Standard error of the natural logarithm of the within-cluster dispersion W with respect to the reference data, returned as a numeric vector. W is the within-cluster dispersion computed using the distance metric `Distance`. Each element of `SE` corresponds to a specific number of proposed clusters (an element of `InspectedK`).

Data Types: `double`

This property is read-only.

Standard deviation of the natural logarithm of the within-cluster dispersion W with respect to the reference data, returned as a numeric vector. W is the within-cluster dispersion computed using the distance metric `Distance`. Each element of `StdLogW` corresponds to a specific number of proposed clusters (an element of `InspectedK`).

Data Types: `double`

## Object Functions

 `addK` Evaluate additional numbers of clusters `compact` Compact clustering evaluation object `increaseB` Increase reference data sets `plot` Plot clustering evaluation object criterion values

## Examples

collapse all

Evaluate the optimal number of clusters using the gap clustering evaluation criterion.
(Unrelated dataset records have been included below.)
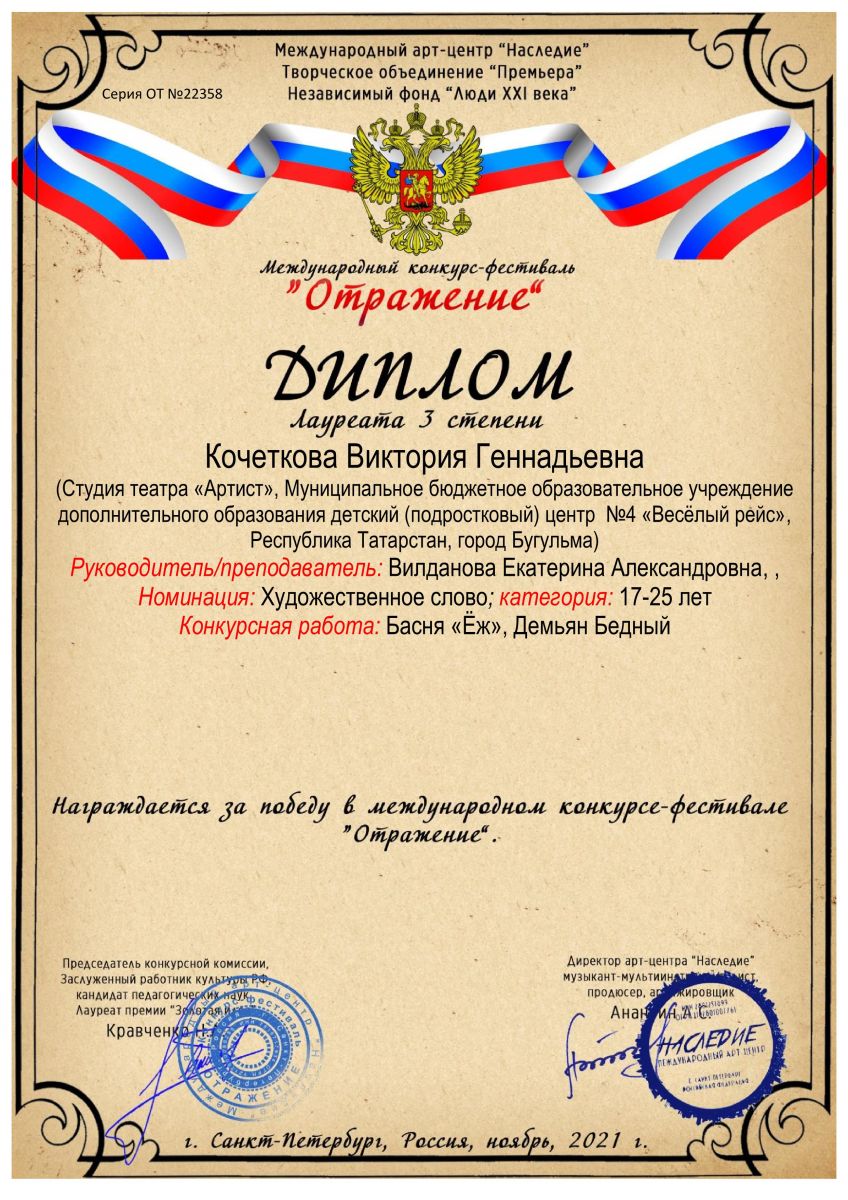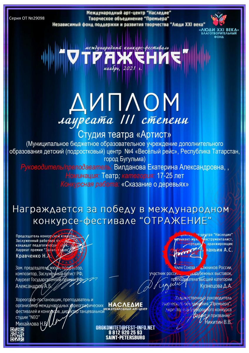21.Международный конкурс-фестиваль "Отражение" лауреат 3 степени Диплом
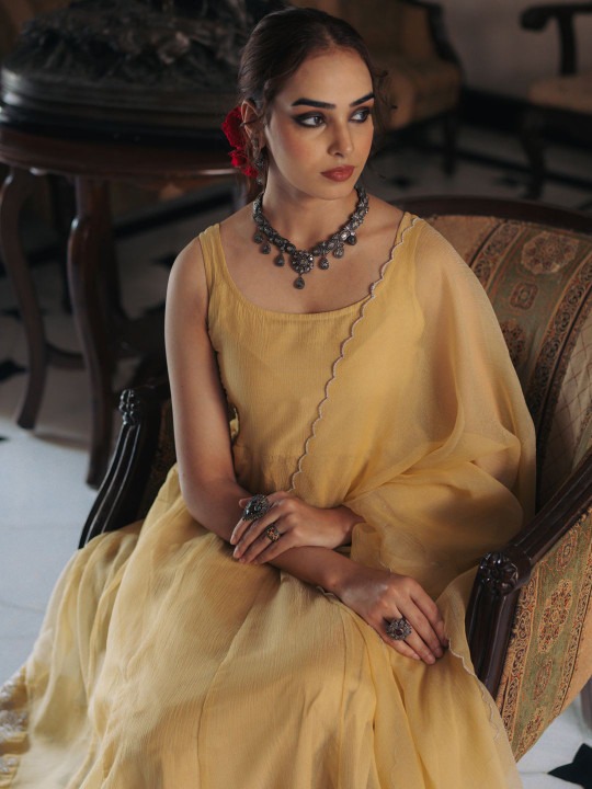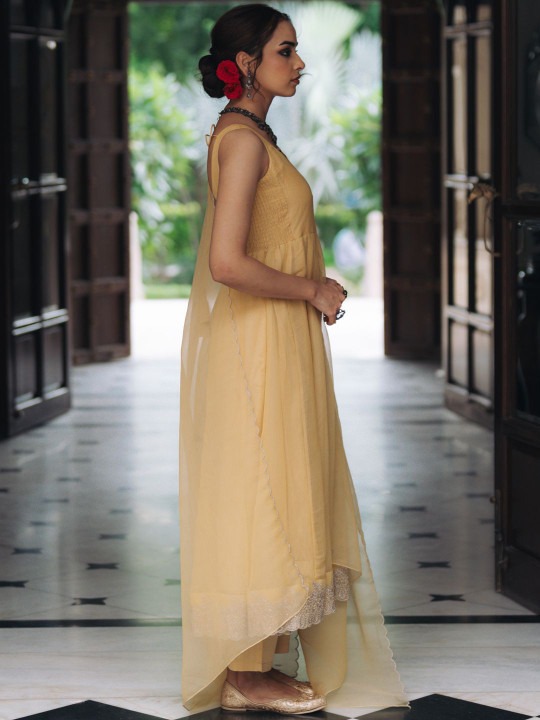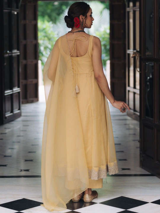 Women Embroidered Panelled Kurta with Trousers & With Dupatta
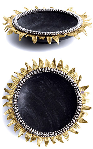 Enhance your decor with this stunning Michael Aram Tray Set, featuring pieces from the Plume and Sunflower Trinket collections. Inspired by nature, these handcrafted trays combine function with artistry.
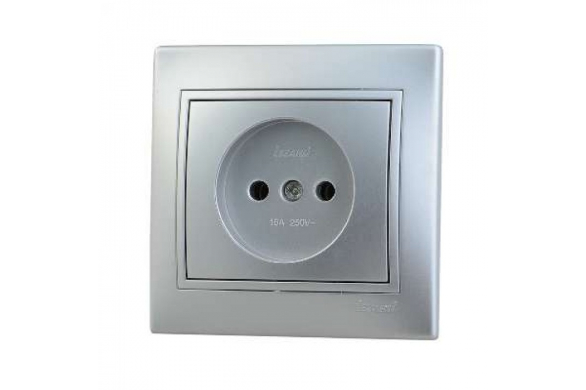 —Розетка LEZARD Mira 1-ая б/з керамика с вставкой металлик серый
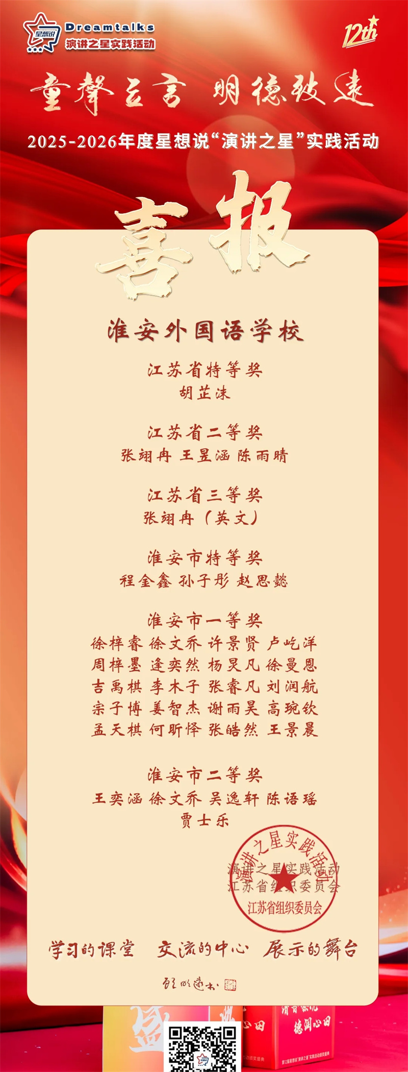 近日,江苏省第十二届“星想说”“演讲之星”实践活动圆满落幕,赛事结果正式揭晓。淮安外国语学校学子以铿锵之声展少年风华,凭过硬实力逐梦赛场,在全省数万参赛选手中过关斩将、脱颖而出,用真挚的语言、从容的姿态书写青春荣光,生动诠释“童声立言,明德致远”的活动宗旨,淋漓尽致展现出淮外学子卓越的综合素养与昂扬向上的精神风貌。
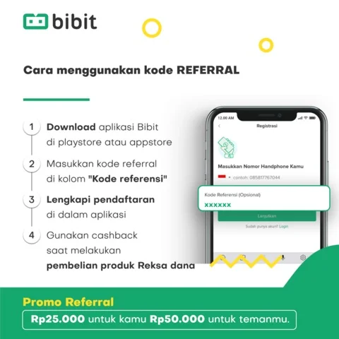 Yuk share sebanyak-banyaknya kode Referral kamu dan dapatkan Cashbacknya lebih banyak. Dapatkan kode referral hanya di aplikasi bibit, segera unduh sekarang juga!

Load the `fisheriris` data set. The data contains length and width measurements from the sepals and petals of three species of iris flowers.

`load fisheriris`

Evaluate the optimal number of clusters based on the gap criterion values. Cluster the data using `kmeans`.

```rng("default") % For reproducibility evaluation = evalclusters(meas,"kmeans","gap","KList",1:6)```
```evaluation = GapEvaluation with properties: NumObservations: 150 InspectedK: [1 2 3 4 5 6] CriterionValues: [0.0720 0.5928 0.8762 1.0114 1.0534 1.0720] OptimalK: 5 ```

The `OptimalK` value indicates that, based on the gap criterion, the optimal number of clusters is five.

Plot the gap criterion values for each number of clusters tested.

`plot(evaluation)`

Based on the plot, the maximum value of the gap criterion occurs at six clusters. However, the value at five clusters is within one standard error of the maximum, so the suggested optimal number of clusters is five.

Create a grouped scatter plot to examine the relationship between petal length and width. Group the data by the suggested clusters.

```PetalLength = meas(:,3); PetalWidth = meas(:,4); clusters = evaluation.OptimalY; gscatter(PetalLength,PetalWidth,clusters,[],"xod^*");```

The plot shows cluster 4 in the lower-left corner, completely separated from the other four clusters. Cluster 4 contains flowers with the smallest petal widths and lengths. Cluster 2 is in the upper-right corner, and contains flowers with the largest petal widths and lengths. Cluster 5 is next to cluster 2, and contains flowers with similar petal widths but smaller petal lengths compared to the flowers in cluster 2. Clusters 1 and 3 are near the center of the plot, and contain flowers with measurements between the extremes.